*EXERCISE DATA*:
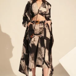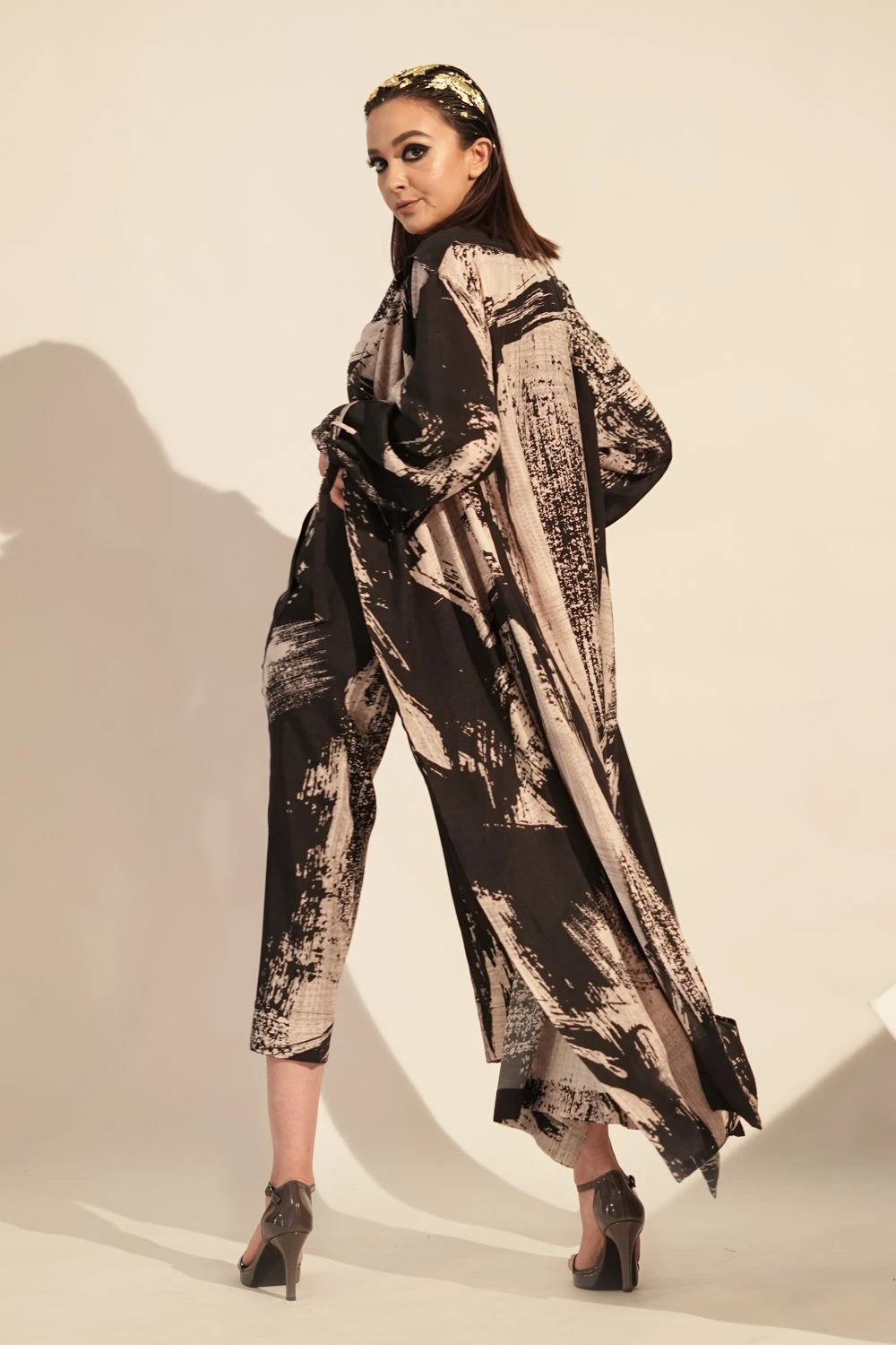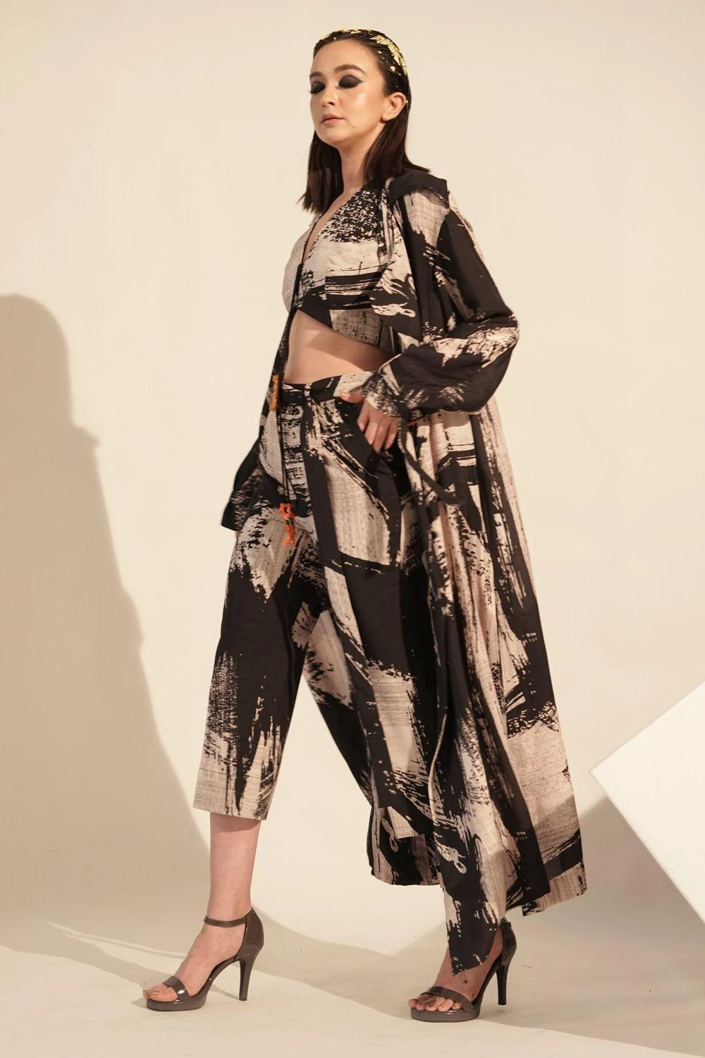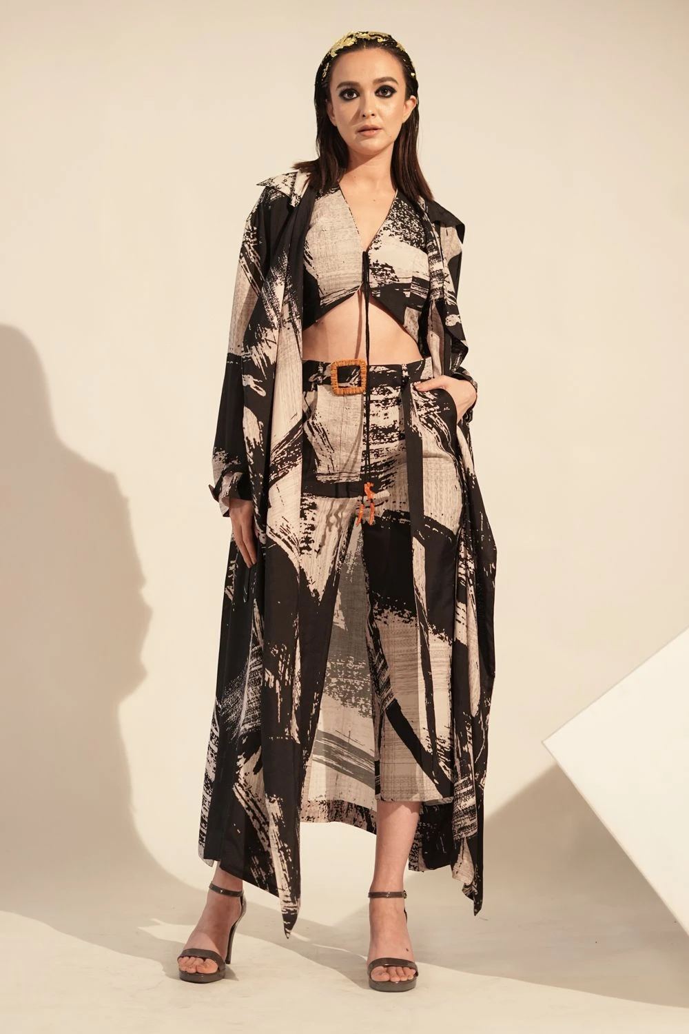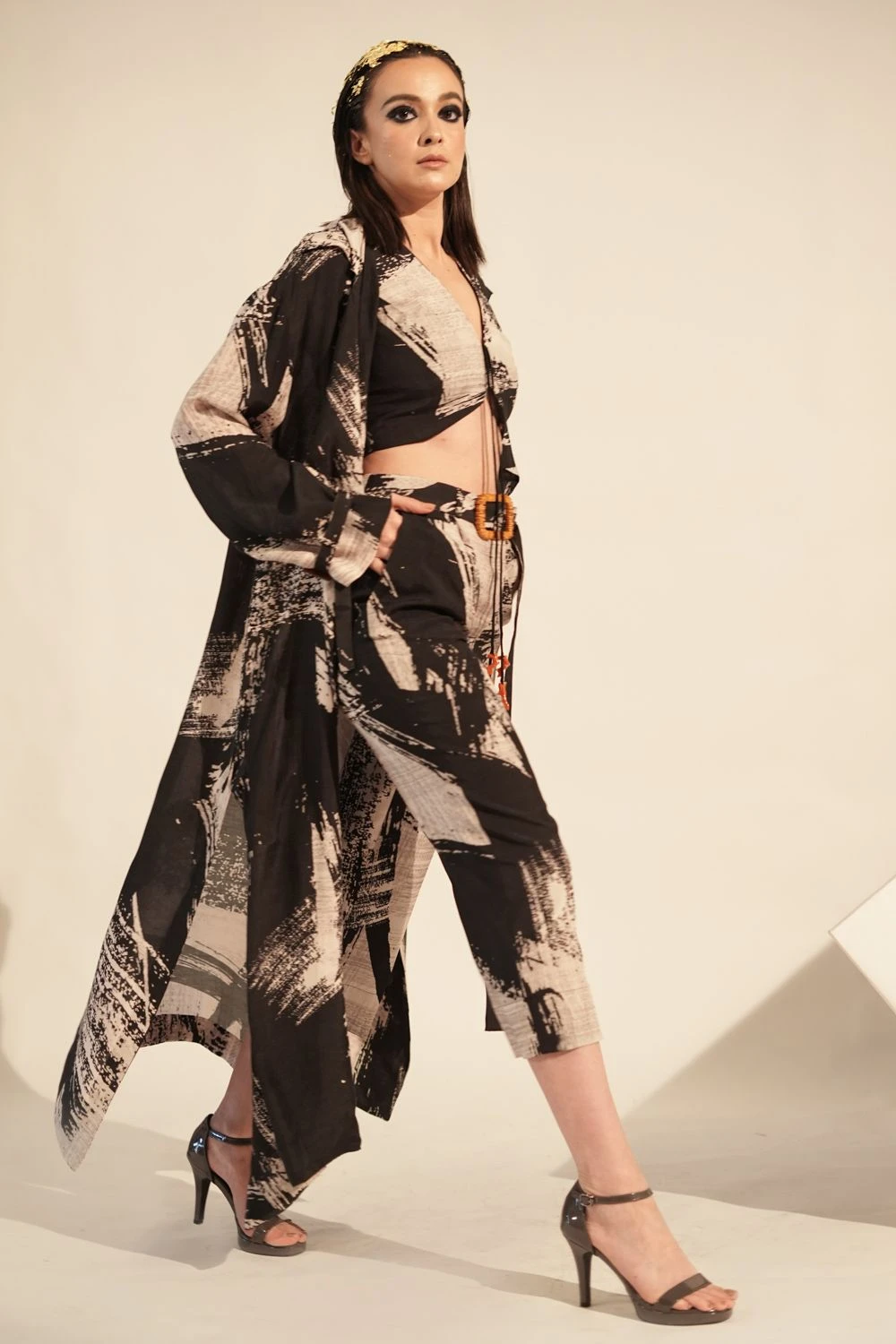 Elevate your style with this black & white stroke print pant featuring a stylish belt. A contemporary piece that exudes elegance and complements your unique style effortlessly.
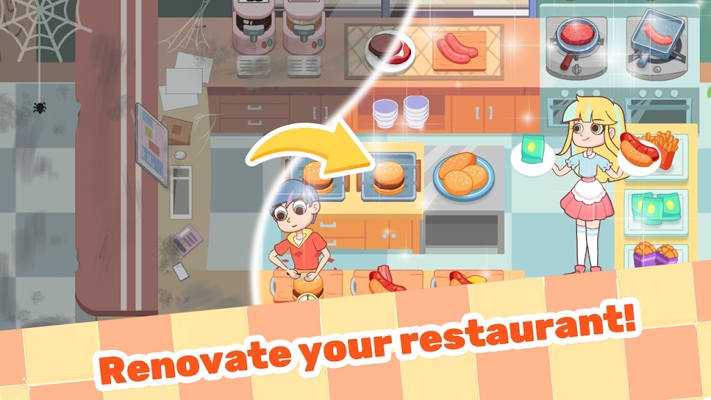玩家将在游戏之中感受无限的趣味,深入引人入胜的故事情节,开设自己的餐厅,让自己变得更加快乐吧。
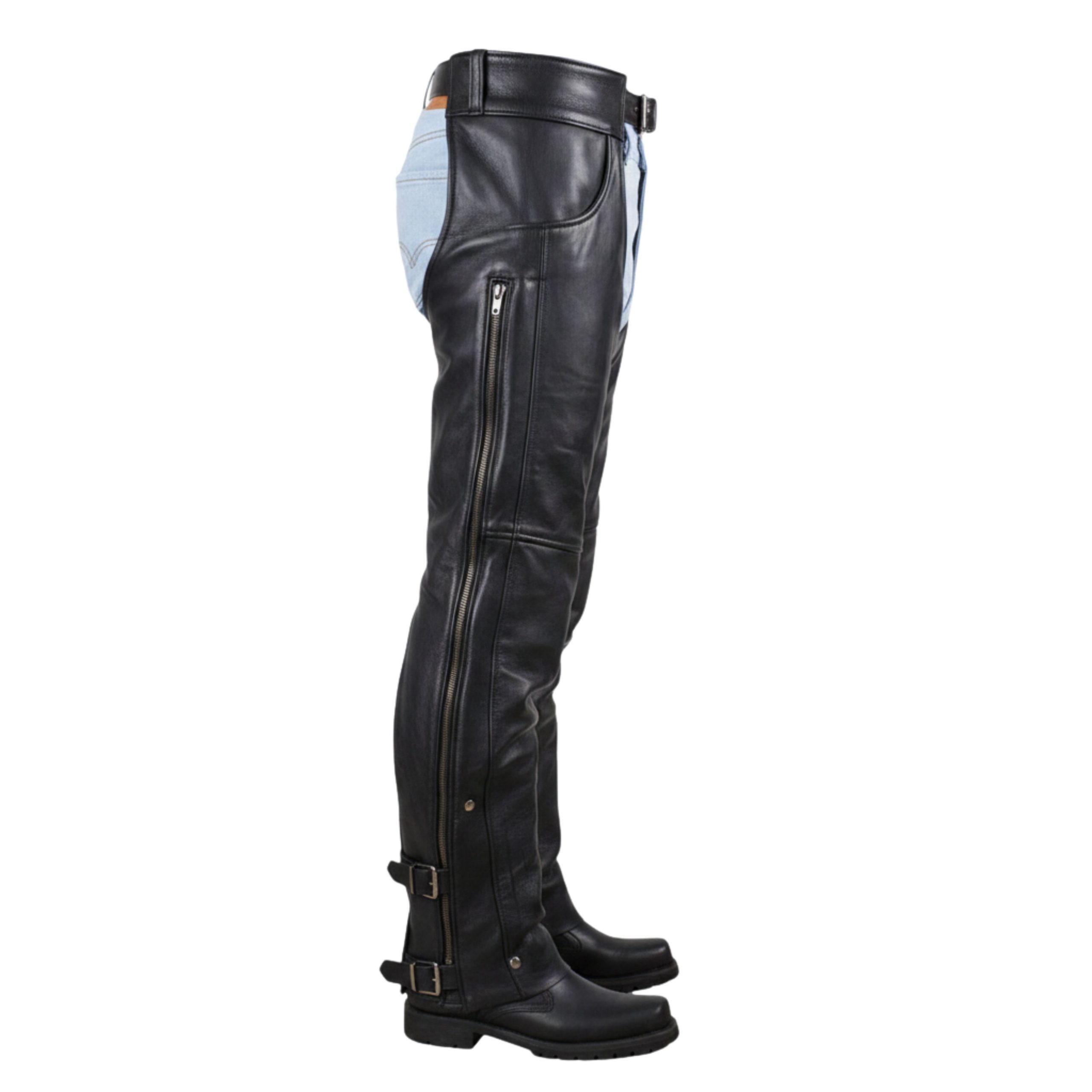 The Allstate Leather Motorcycle Chaps from Leather Chapo’s esteemed Mens Leather Motorcycle Chaps collection. These chaps are meticulously crafted from premium cowhide leather, renowned for its durability and resistance to wear and tear. Designed with the modern rider in mind, they feature adjustable straps and zippers for a customizable and secure fit

*WORK ORDER*: Type the listing out again word for word, passing over each picture.

*TASK SOLUTION*:
 Elevate your style with this black & white stroke print pant featuring a stylish belt. A contemporary piece that exudes elegance and complements your unique style effortlessly.
玩家将在游戏之中感受无限的趣味,深入引人入胜的故事情节,开设自己的餐厅,让自己变得更加快乐吧。
 The Allstate Leather Motorcycle Chaps from Leather Chapo’s esteemed Mens Leather Motorcycle Chaps collection. These chaps are meticulously crafted from premium cowhide leather, renowned for its durability and resistance to wear and tear. Designed with the modern rider in mind, they feature adjustable straps and zippers for a customizable and secure fit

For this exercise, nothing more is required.